Psychologists at the Chinese University of Hong Kong studied 90 boys between age six and 15. Half had musical training as members of their school's string orchestra program, plus lessons in playing classical music on Western instruments, for one to five years. The other 45 participants were schoolmates with no musical training. The researchers, led by Agnes S. Chan, Ph.D., gave the children verbal memory tests, to see how many words they recalled from a list, and a comparable visual memory test for images.
Students with musical training recalled significantly more words than the untrained students, and they generally learned more words with each subsequent trial of three. After 30-minute delays, the trained boys also retained more words than the control group. There were no such differences for visual memory. What's more, verbal learning performance rose in proportion to the duration of musical training.
Thus, the authors say, even fewer than six years of musical training can boost verbal memory. More training, they add, may be even better because of a "greater extent of cortical reorganization in the left temporal region." In other words, the more that music training stimulates the left brain, the better that side can handle other assigned functions, such as verbal learning. It's like cross training for the brain, comparable perhaps to how runners find that stronger legs help them play tennis better – even though they began wanting only to run. Similarly, says Chan, "Students with better verbal memory probably will find it easier to learn in school."
Chan, along with Yim-Chi Ho, M.Phil., and Mei-Chun Cheung, Ph.D., followed up a year later with the 45 orchestra students. Thirty-three boys were still in the program; nine had dropped out fewer than three months after the first study. The authors now compared a third group of 17 children who had started music training after the initial assessment. This beginner's group initially had shown significantly lower verbal-learning ability than the more musically experienced boys. However, one year later, these newer students again showed significant improvement in verbal learning.
On the other hand, unlike the music students who stuck it out, the dropouts showed no further improvement. However, although the beginners and the continued-training groups tended to improve significantly, there was one consolation for the dropouts: At least they didn't backtrack. After a year, they didn't lose the verbal memory advantage they had gained prior to stopping lessons.
Ho, Cheung and Chan propose that music training during childhood is a kind of sensory stimulation that "somehow contributes to the reorganization-better development of the left temporal lobe in musicians, which in turn facilitates cognitive processing mediated by that specific brain area, that is, verbal memory." They contrast their evidence with inconclusive reports that listening to Mozart improves spatiotemporal reasoning, which most researchers have been unable to replicate.

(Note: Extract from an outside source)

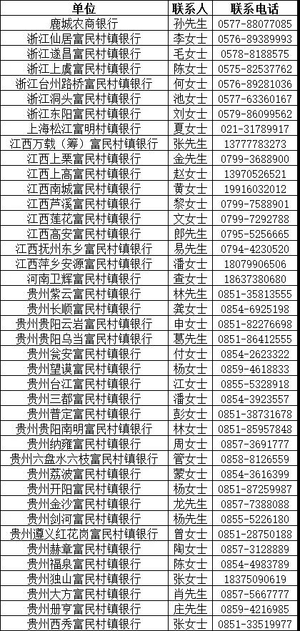 工作地點:浙江東陽富民村鎮銀行;江西高安、上栗富民村鎮銀行;貴州納雍、望謨、紫云、劍河富民村鎮銀行;河南衛輝富民村鎮銀行。

At the same time, Chan notes that it's too simplistic to divide brain functions (such as music) strictly into left or right, because "our brain works like a network system, it is interconnected, very co-operative and amazing."
Most important, the authors say, "the [current] findings suggest that specific experience might affect the development of memory in a predictable way in accordance with the localization of brain functions. … Experience might affect the development of cognitive functions in a systematic fashion." More research is needed, but knowledge of this mechanism can "stimulate further investigation into ways to enhance human brain functioning and to develop a blueprint for cognitive rehabilitation, such as using music training to enhance verbal memory."
Article: "Music Training Improves Verbal but Not Visual Memory: Cross-Sectional and Longitudinal Explorations in Children," Yim-Chi Ho, M.Phil.; Mei-Chun Cheung, Ph.D.; and Agnes S. Chan, Ph.D.; The Chinese University of Hong Kong; Neuropsychology, Vol. 17, No. 3.